**Given data**
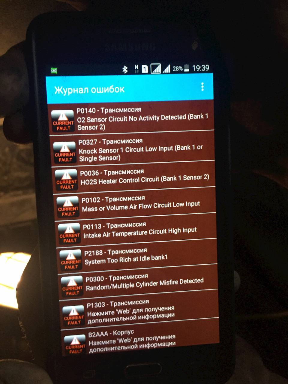 Ноормальным сканером почитать надо.Р0140 обрыв подогревателя дк1, р0036 обрыв нагревателя дк2, р0327 низкий уровень дд, р0102 и р0113 по дмрв и датчику температуры на впуске. Все эти ошибки появляются если имеет место обрыв цепи. Р0300 редко одна выскакивает, причин пропусков воспламенения безумное множество. Р1303 указывает на номер цилиндра, где не было воспламенения. Р2188 слишком богатая смесь, возможно следствие отсутствия воспламенения.Жля начала скинуть и посмотреть какие появятся снова, проверить проводку. Если пропуски останутся, искать причину.
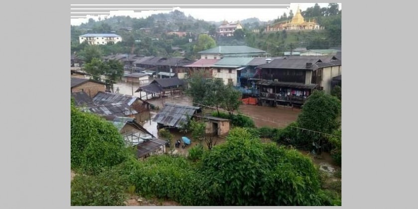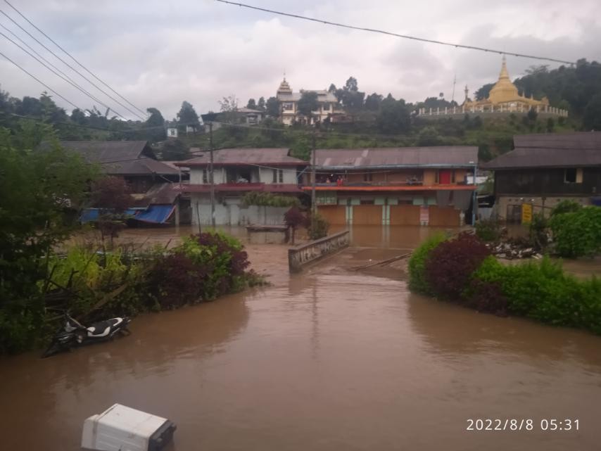 The torrential rain caused surging the water level of Namt Kom creek flowing into Monton and flooding in Mong Ton, Palaung Self-Administered Zone of Shan State at about 3 am on 8th August.
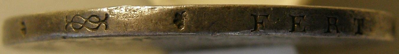 Contorno: in incuso, il motto FERT alternato a nodi savoia e rosette.
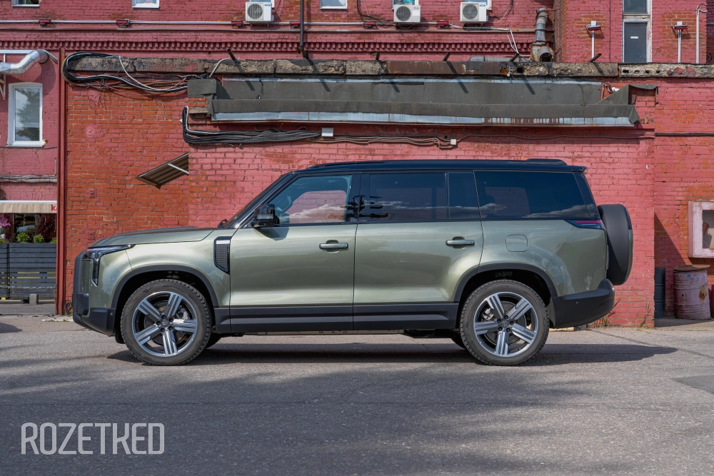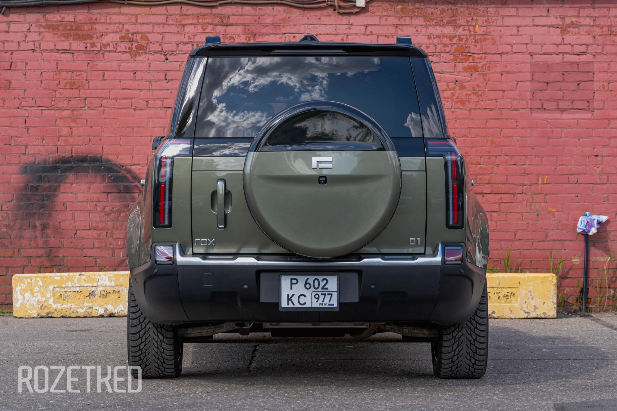 Передняя часть украшена светодиодной оптикой и крупной решёткой, боковые поверхности — массивные фальш-арки крыльев и широкие дверные панели. Несмотря на внушительные габариты, ROX 01 старается казаться современным и практичным: у него нет навязчивых «модных» элементов вроде выдвижных ручек или камер вместо зеркал, а нижние кромки кузова защищены чёрными пластиковыми накладками — они не портят внешность, но добавляют практичности при грязном или бездорожном использовании.
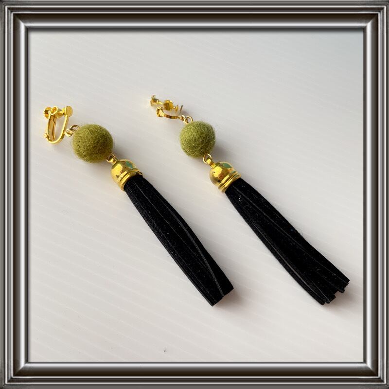 スウェードフリンジ部分は6.5cm、フェルトボールは15mm。
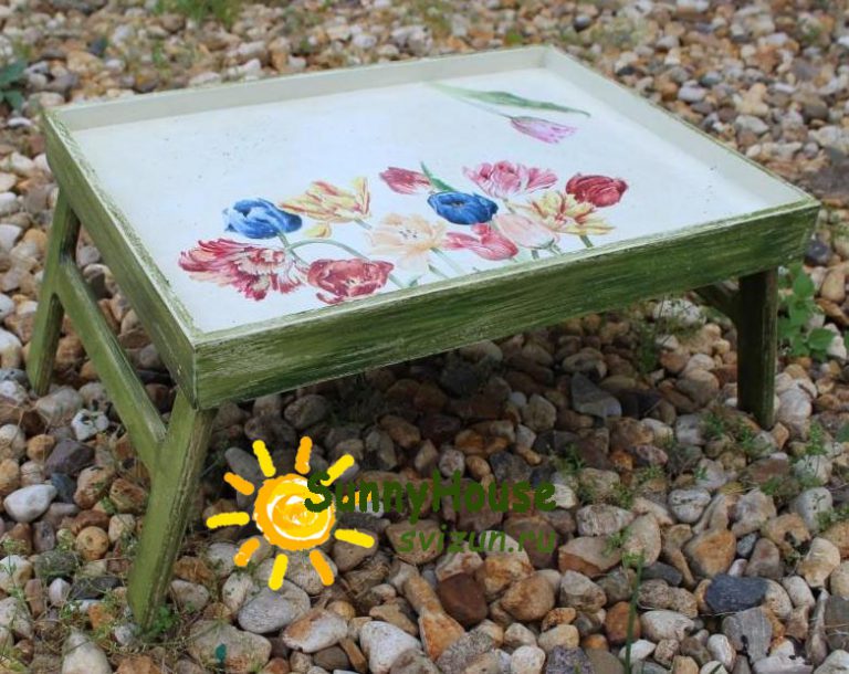 Tout d'abord, nous lubrifions le cadre avec de la teinture, une peinture agréable à l'œil. Ensuite, avec des vis autotaraudeuses, nous fixons les poignées sélectionnées sur les côtés du plateau prévu, et les têtes de vis saillantes doivent également être peintes pour correspondre au produit fait maison.

**Task brief**
The expected answer is the line with "Contorno: in incuso, il" followed by every remaining line of the listing, each restated exactly, with all pictures dropped.

**Output**
 Contorno: in incuso, il motto FERT alternato a nodi savoia e rosette.
 Передняя часть украшена светодиодной оптикой и крупной решёткой, боковые поверхности — массивные фальш-арки крыльев и широкие дверные панели. Несмотря на внушительные габариты, ROX 01 старается казаться современным и практичным: у него нет навязчивых «модных» элементов вроде выдвижных ручек или камер вместо зеркал, а нижние кромки кузова защищены чёрными пластиковыми накладками — они не портят внешность, но добавляют практичности при грязном или бездорожном использовании.
 スウェードフリンジ部分は6.5cm、フェルトボールは15mm。
 Tout d'abord, nous lubrifions le cadre avec de la teinture, une peinture agréable à l'œil. Ensuite, avec des vis autotaraudeuses, nous fixons les poignées sélectionnées sur les côtés du plateau prévu, et les têtes de vis saillantes doivent également être peintes pour correspondre au produit fait maison.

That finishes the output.